La vita nella diocesi di Kabale era piuttosto dura agli inizi. Le sue lettere sottolineano la mancanza di strutture e dei mezzi essenziali per aprire una nuova missione, in un luogo completamente sconosciuto ai Missionari Comboniani. C’era anche una certa tensione, dovuta alla presenza sia di missionari provenienti dal Sudan che di altri, assegnati direttamente all’Uganda. Dopo le prime vacanze in Italia (1971), P. Carlo andò come parroco nella comunità di Makiro e quando questa fu consegnata alla diocesi, manifestò la sua disponibilità ad andare ovunque fosse stato inviato. Fu quindi assegnato alla missione di Nyamwegabira dove rimase fino al luglio 1980, data in cui anche questa fu consegnata alla diocesi. P. Carlo ritornò per un altro breve periodo di vacanze in Italia. Nel frattempo, nella zona del West Nile a causa della guerra, parte della popolazione fuggì nello Zaire e i Missionari Comboniani la seguirono per assisterla. Nonostante l’insicurezza della zona e la difficoltà di dover affrontare una nuova diocesi, un nuovo popolo e una nuova lingua, incoraggiato dall’esempio di Comboni, accettò di andare a lavorare nella missione di Pakwach, tra gli Alur.

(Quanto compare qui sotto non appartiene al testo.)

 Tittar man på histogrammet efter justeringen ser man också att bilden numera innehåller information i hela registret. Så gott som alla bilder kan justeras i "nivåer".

Alla fine del 1982, P. Carlo era a Roma per il Corso di rinnovamento. Al suo ritorno fu assegnato al Kigezi, nella parrocchia di Kambuga aperta di recente. Nominato superiore, dovette risolvere tensioni e contrasto che influirono profondamente su di lui. Tuttavia, anche se sentiva il peso della costruzione della nuova casa, rimase fino alla sua inaugurazione.

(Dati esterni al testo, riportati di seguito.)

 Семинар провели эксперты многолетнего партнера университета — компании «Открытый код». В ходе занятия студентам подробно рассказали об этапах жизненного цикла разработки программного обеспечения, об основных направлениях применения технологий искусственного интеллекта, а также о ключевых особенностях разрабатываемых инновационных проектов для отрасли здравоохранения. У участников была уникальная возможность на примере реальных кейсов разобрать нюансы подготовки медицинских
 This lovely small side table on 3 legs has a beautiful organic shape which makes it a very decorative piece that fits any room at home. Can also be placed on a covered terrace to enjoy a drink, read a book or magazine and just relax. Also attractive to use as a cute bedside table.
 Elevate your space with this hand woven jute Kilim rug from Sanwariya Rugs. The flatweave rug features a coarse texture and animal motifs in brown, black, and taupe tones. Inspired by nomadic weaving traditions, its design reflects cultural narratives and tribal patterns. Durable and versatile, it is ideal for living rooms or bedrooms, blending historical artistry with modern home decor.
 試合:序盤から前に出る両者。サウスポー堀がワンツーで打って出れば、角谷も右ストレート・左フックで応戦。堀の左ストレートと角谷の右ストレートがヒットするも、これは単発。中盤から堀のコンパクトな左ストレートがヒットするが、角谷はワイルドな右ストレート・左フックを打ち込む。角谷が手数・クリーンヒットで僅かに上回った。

Nella seconda metà del 1985, la guerra civile era stata particolarmente cruenta e le comunità del Kigezi erano rimaste tagliate fuori dall’Uganda. Così, finita la guerra, P. Carlo poté fare un po’ di vacanze per recuperarsi dallo stress accumulato in quegli anni. Dopo il Corso di rinnovamento a Roma, fu di nuovo assegnato all’Uganda (1992) nella nuova comunità di Kyamuhunga, anche questa nella diocesi di Mbarara. Nel gennaio 2001, all’età di 76 anni, P. Carlo fu trasferito a Kigumba: ancora una volta, nuova comunità, nuovo popolo, nuova lingua, nuove tradizioni e nuova metodologia pastorale. La sua salute però cominciò a deteriorarsi e gli fu chiesto di occuparsi dell’ospedale di Lacor come cappellano.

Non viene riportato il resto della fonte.